Sunday, September 27, 2009

The Sobering Truth about Options Trading

after a while, options traders will come to a sobering realisation...

that in a long run, if options premiums are always fairly priced, then the options trader should result in breaking even in all his options trades (exclude commission fees)....but only theoretically, because in reality Options premiums are almost always skewed to the disadvantage of the retail options traders...

to cement this phenomenon convincingly across, let's use the SPX options position (see link) to explain...

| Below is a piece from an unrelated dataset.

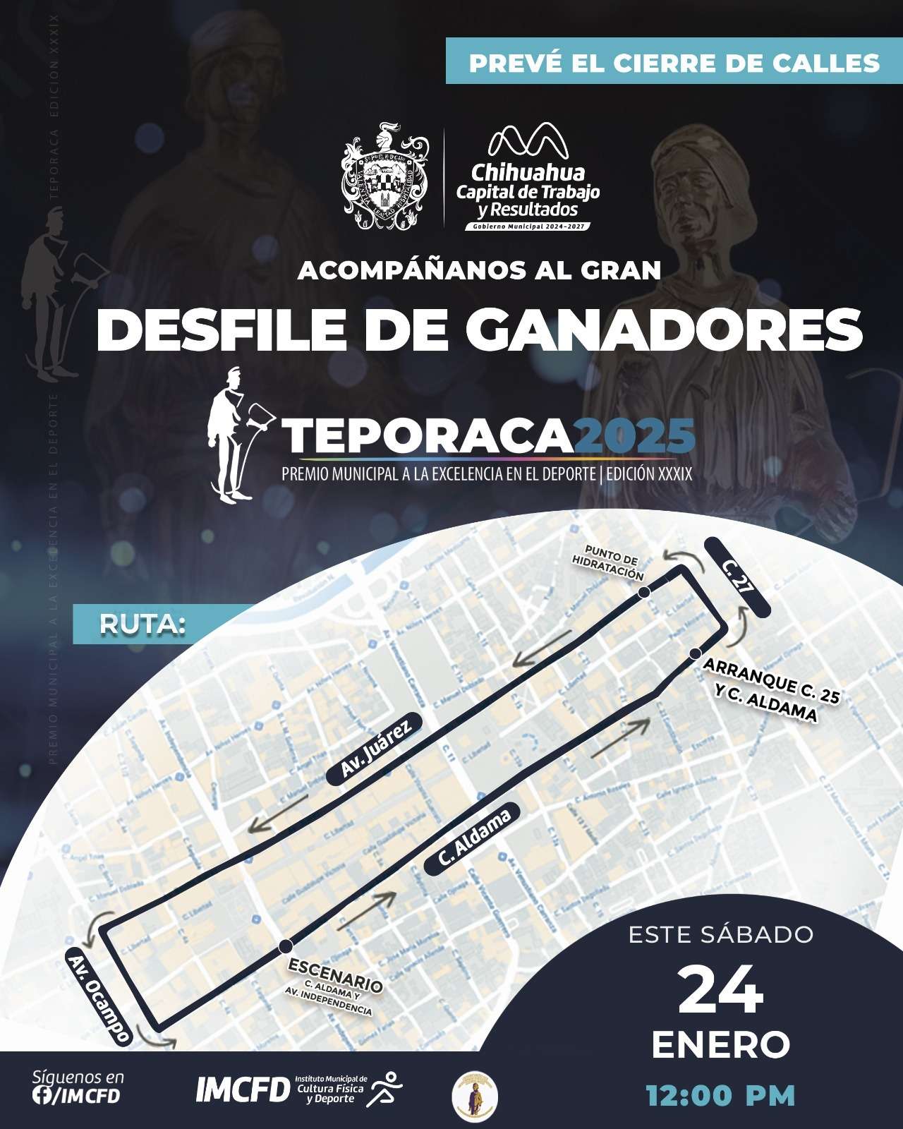 Chihuahua, Chih.- El Gobierno Municipal anuncia el cierre de calles del Centro de la ciudad por el tradicional desfile de los deportistas ganadores del Premio Municipal a la Excelencia en el Deporte, “Teporaca”, este sábado 24 de enero a las 12:00 horas.

recall that theoretically, it has a 70% chance of winning that $100. conversely, it has a 30% chance of losing $400. in other words, if one establishes such conceptually equivalent options positions over 100 months, one can expect to win 70 times and lose 30 times. in $$ terms, one can expect to win 70 x $100 = $7000 and expect to lose 30 x $400 = $12,000

the net result is that the Options trader loses money...

but why does this happen?

there can be many reasons for this....

let me postulate just one reason here (actually, i can't think of any more than one reason...wahahaha)...please feel free to share your thoughts...

a) Mispricing of and especially of OTM options due to inflated Implied Volatility (ie artificially skewed IV by market makers)

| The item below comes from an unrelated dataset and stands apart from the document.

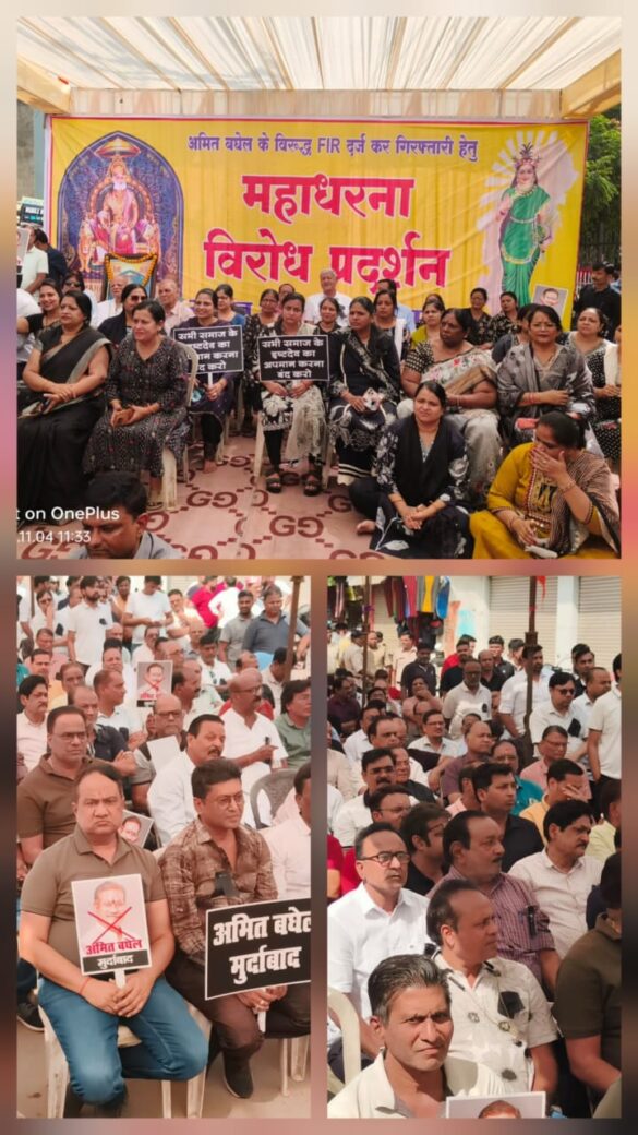 रायगढ़ (सृजन न्यूज)। एक कुंठित मानसिकता के व्यक्ति के द्वारा अग्रसेन महाराज भगवान झूलेलाल और देश के महापुरुष पर काफी अमर्यादित टिप्पणी के विरोध स्वरूप हजारों की संख्या में अग्रवाल समाज की महिला और पुरुषों ने धरना प्रदर्शन कर अपना आक्रोश व्यक्त करते हुए अमित बघेल के ऊपर छत्तीसगढ़ शासन और रायगढ़ के प्रशासन से राष्ट्रद्रोह सहित गंभीर धाराओं में अपराध दर्ज करने के लिए मांग रखी है।

so, then why would anyone entertain the thought of trading options, if indeed retail options traders are constantly disadvantaged? the answer is in knowing when to trade options and when to stay away.... and i dare say that the key lies in spotting mispriced options premiums...known otherwise as "the edge"..

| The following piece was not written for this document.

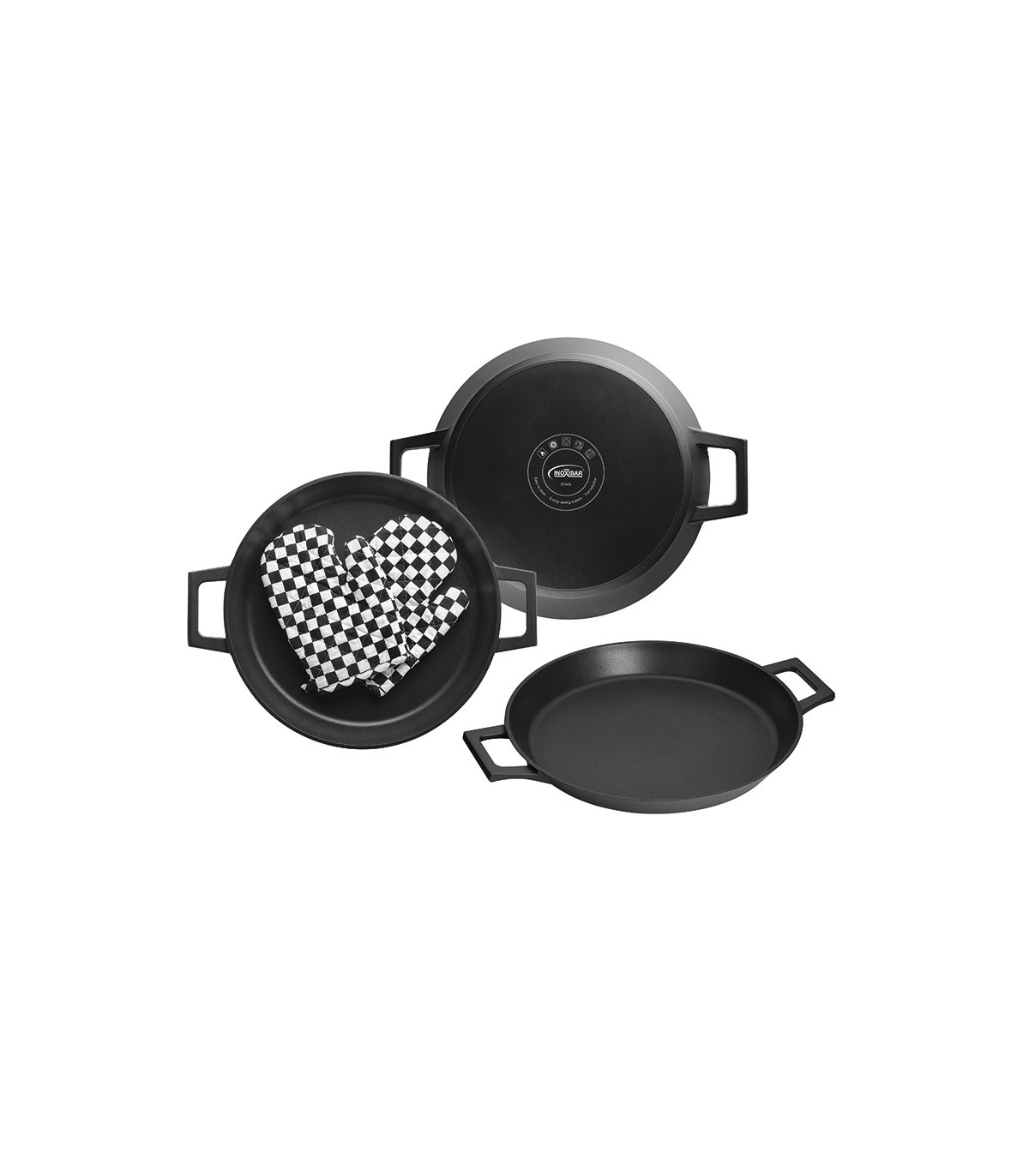 Aluminio fundido indeformable. Fondo 6 mm. Recubrimiento antiadherente Greblon C2, libre PFOA. Apto para lavavajillas. Mangos ergonómicos tacto soft touch. Tapadera de cristal con aro metálico. Fondo full induction. Para todo tipo de cocinas..

without having a meaningful edge, very few options traders can last too long in the market place...

Low Risk - Premium Generating Option Proposition on SPX

Basic Assumptions
Capital Base = $5K
Each position will NOT risk more than $500 of maximum losses
Target Rate of Return of Capital = 2% of Total Capital Investment
(means, making $100 for $5K total capital)

Given current SPX level of ~1045, we opine that index will not make a sudden and large downward movement, even though we are not sure if SPX will rally from current level. All that we are "predicting" is that SPX will not drop below 1005 by Oct09 expiration...Incidentally, given current VIX, we have some ~75% chance that SPX will remain above 1005 come Oct09 expiration...

Our Trade Position

1 x Short SPX Oct 1005/1000 Put vertical spread

Max Profit = Premium Received = $100 (excluding commission fees)
Max Loss = $400 (this is below our $500 losses we are prepared to accept)
Risk/Reward Ratio = $400/$100 = 4:1
Probability of Success = ~70% (it would have been better if this was closer or better than 75% given the risk/reward ratio). The inference here is that the market makers are under pricing the option premiums, and understandably because VIX has stayed comparatively low for some months now. Another inference is that there are insufficient Put buyers to drive SPX Puts higher in premium... This is an important judgement for traders who look into option chains for clues on directional bias of SPX index.





Possible Consequences of this Trade
Win $100 or 2% monthly or 24% annualized profits on Total Capital
or
Lose $400 or 8% of Total Capital, which is rather acceptable for most people
[u]
Will One Become a Millionaire using this Strategy?[/u]
Yes...over a long time....but it makes sense because this is a relatively low risk proposition...and so, it is realistic to expect only moderate compensation...

My Question
Does this look like a good trade? Does this look like a plausible strategy to achieve 24% annual income to you?